* [DATA SECTION]
#####
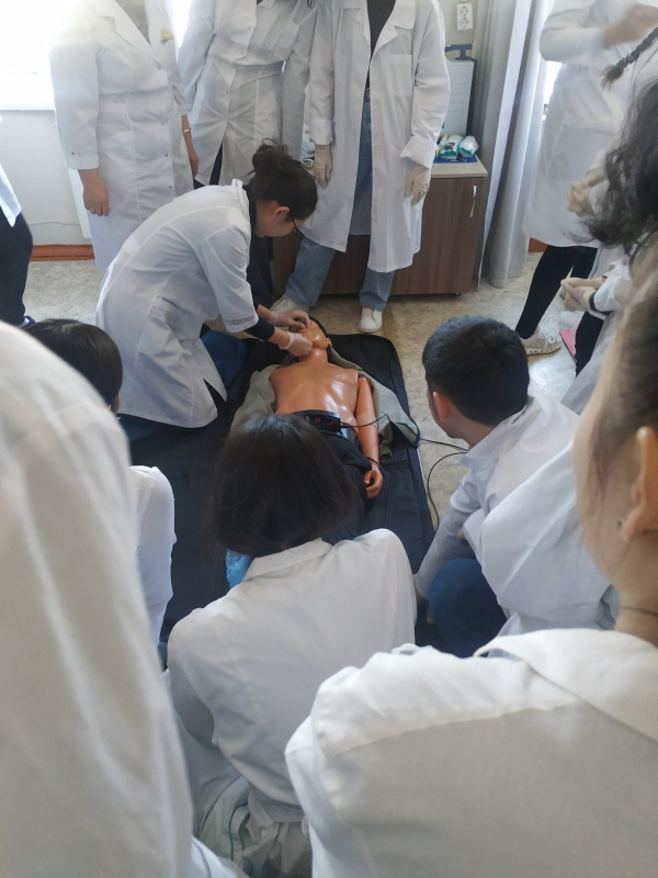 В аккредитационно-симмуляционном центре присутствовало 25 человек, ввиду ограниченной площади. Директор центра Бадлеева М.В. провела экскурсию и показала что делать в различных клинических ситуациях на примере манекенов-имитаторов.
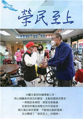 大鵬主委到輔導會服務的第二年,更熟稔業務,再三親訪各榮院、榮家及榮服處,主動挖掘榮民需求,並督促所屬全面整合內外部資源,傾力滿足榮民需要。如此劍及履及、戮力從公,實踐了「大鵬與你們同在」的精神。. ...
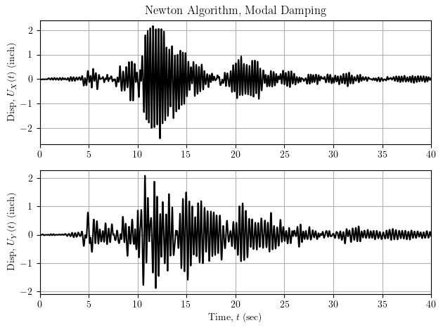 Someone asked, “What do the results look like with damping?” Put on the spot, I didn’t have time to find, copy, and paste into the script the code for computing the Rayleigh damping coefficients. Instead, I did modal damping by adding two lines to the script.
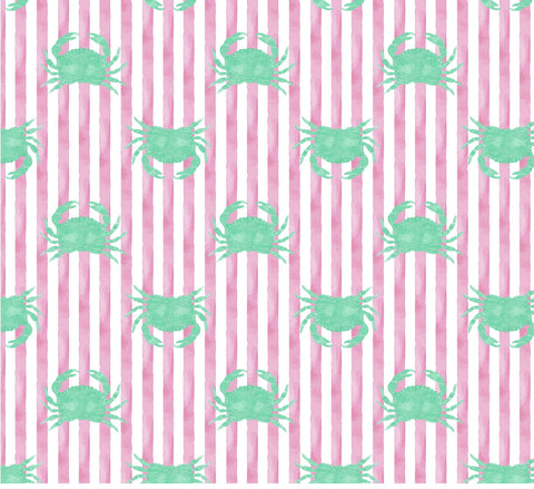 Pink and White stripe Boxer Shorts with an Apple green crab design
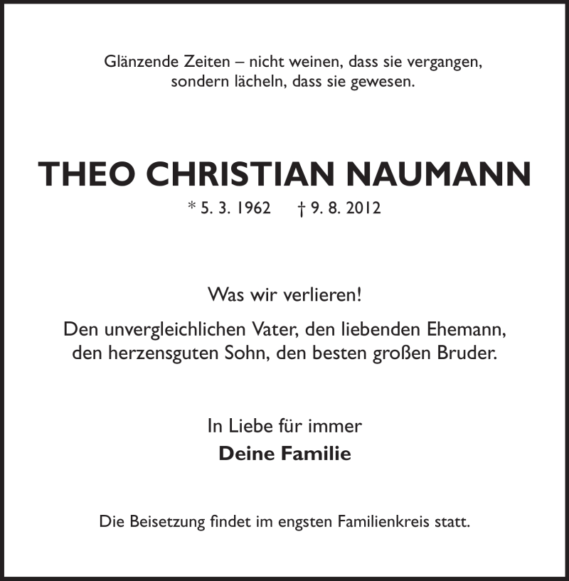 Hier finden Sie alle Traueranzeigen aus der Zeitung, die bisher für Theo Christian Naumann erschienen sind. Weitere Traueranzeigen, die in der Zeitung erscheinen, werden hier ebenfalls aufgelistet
#####
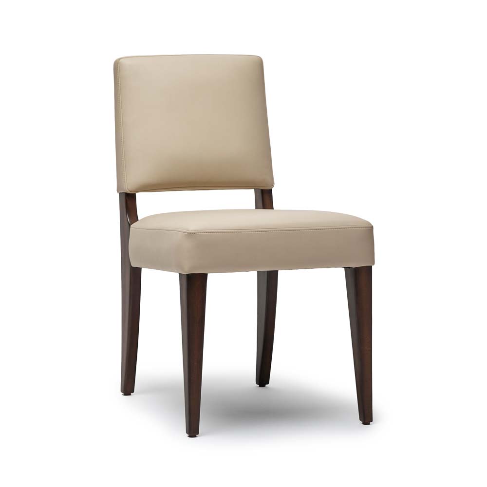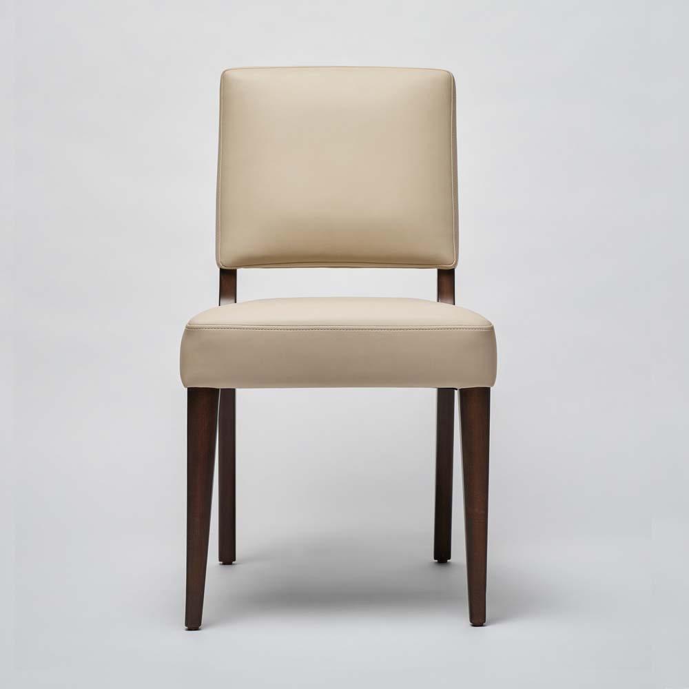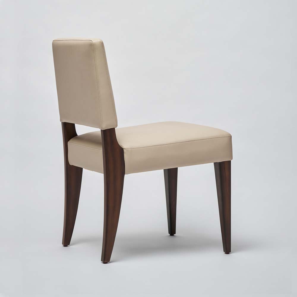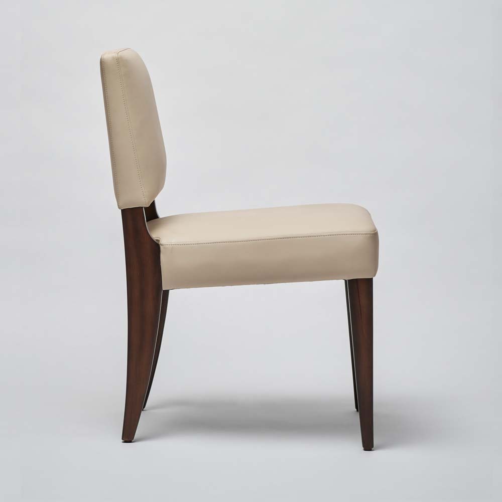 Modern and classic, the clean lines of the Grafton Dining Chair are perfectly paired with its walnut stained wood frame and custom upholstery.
#####
* [TASK TO COMPLETE] Starting at the line with "Pink and White" and finishing at the line with "Hier finden Sie", copy the material above exactly, both lines included. Nothing else goes in, and no pictures.

* [RESPONSE]
 Pink and White stripe Boxer Shorts with an Apple green crab design
 Hier finden Sie alle Traueranzeigen aus der Zeitung, die bisher für Theo Christian Naumann erschienen sind. Weitere Traueranzeigen, die in der Zeitung erscheinen, werden hier ebenfalls aufgelistet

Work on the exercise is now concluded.